The researchers proved mathematically that the importance of individual model states changes smoothly throughout training, way to an application of Weyl’s theorem, and showed empirically that the relative scores of these states stays to be stable. Together, these findings provide practitioners confidence that dimensions diagnosed as negligible early on may not all at once become essential later.
The approach also comes with a pragmatic protection net. If a compression step reasons an sudden performance drop, practitioners can revert to a earlier saved checkpoint. “It gives people control over how much they’re willing to pay in terms of performance, instead of having to define a much less-intuitive energy threshold,” Chahine explains.
There are a few practical boundaries to the method. CompreSSM works best on models that show off a robust correlation between the internal state dimension and overall performance, a property that varies across tasks and architectures. The approach is in same effective on multi-input, multi-output (MIMO) models, in which the relationship between state size and expressivity is strongest. For per channel, single-input, single-output architectures, the profits are more modest, since the those models are much less sensitive to state measurement changes within the first place.
The concept applies most cleanly to linear time-invariant structures, despite the team has evolved extensions for the increasingly popular input-dependent, time-varying architectures. And due to the fact the family of state-space model extends to architectures like linear interest, a developing area of interest as an optional to standard transformers, the potential scope of application is broad.
Chahine and his collaborators see the work as a stepping stone. The team has already confirmed an extension to linear time-varying systems like Mamba, and future instructions consist of pushing CompreSSM further into matrix-valued dynamical systems used in linear attention mechanisms, which could carry the approach in the direction of the transformer architectures that underpin most of today’s largest AI systems.
“This needed to be the first step, because this is where the theory is neat and the method can remain principled,” Chahine says. “It’s the stepping stone to then increase to other architectures that people are the using in industry today.”

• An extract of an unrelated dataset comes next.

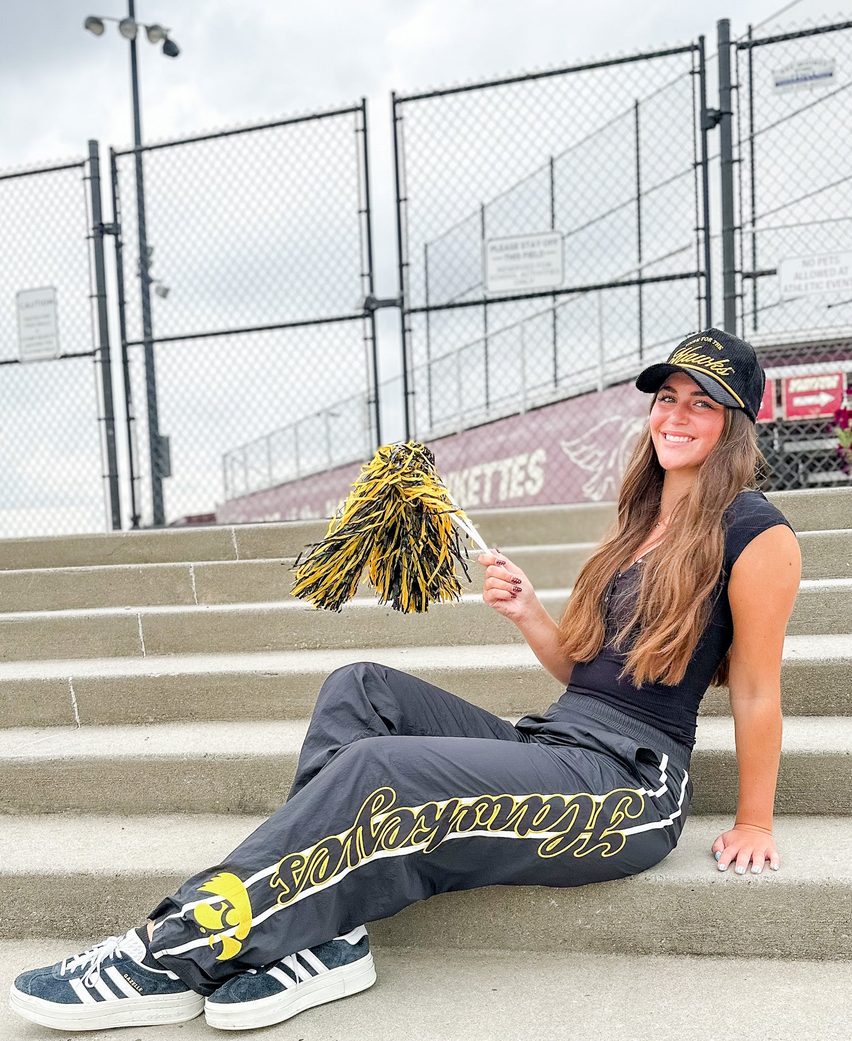 Show up game-day ready (or just comfy-cute for errands) with our Hawkeye Spirit Track Pants. These lightweight black pants feature bold gold “Hawkeyes” lettering down the leg and a relaxed, straight-leg fit that keeps you moving with ease. Pair them with your favorite tee, crop top, or hoodie for an effortlessly sporty look that screams Black & Gold pride.

“The work of Chahine and his colleagues gives an intriguing, theoretically grounded angle on compression for modern-state -space models (SSMs),” mentioned Antonio Orvieto, ELLIS Institute Tübingen principal investigator and MPI for Intelligent Systems independent group leader, who wasn’t included within the research. “The approach presents evidence that the state dimension of those models can be effectively decreased for the duration of training and that a control-theoretic perspective can efficiently support this process. The work opens new avenues for future studies, and the proposed algorithm has the potential to become a standard approach while pre-training large SSM-based models.”
The work , which was accepted as a conference paper at the International Conference on Learning Representations 2026, might be presented later this month. It was guided, in part, by using the Max Planck ETH Center for Learning Systems, the Hector Foundation, Boeing, and the U.S. Office of Naval Research.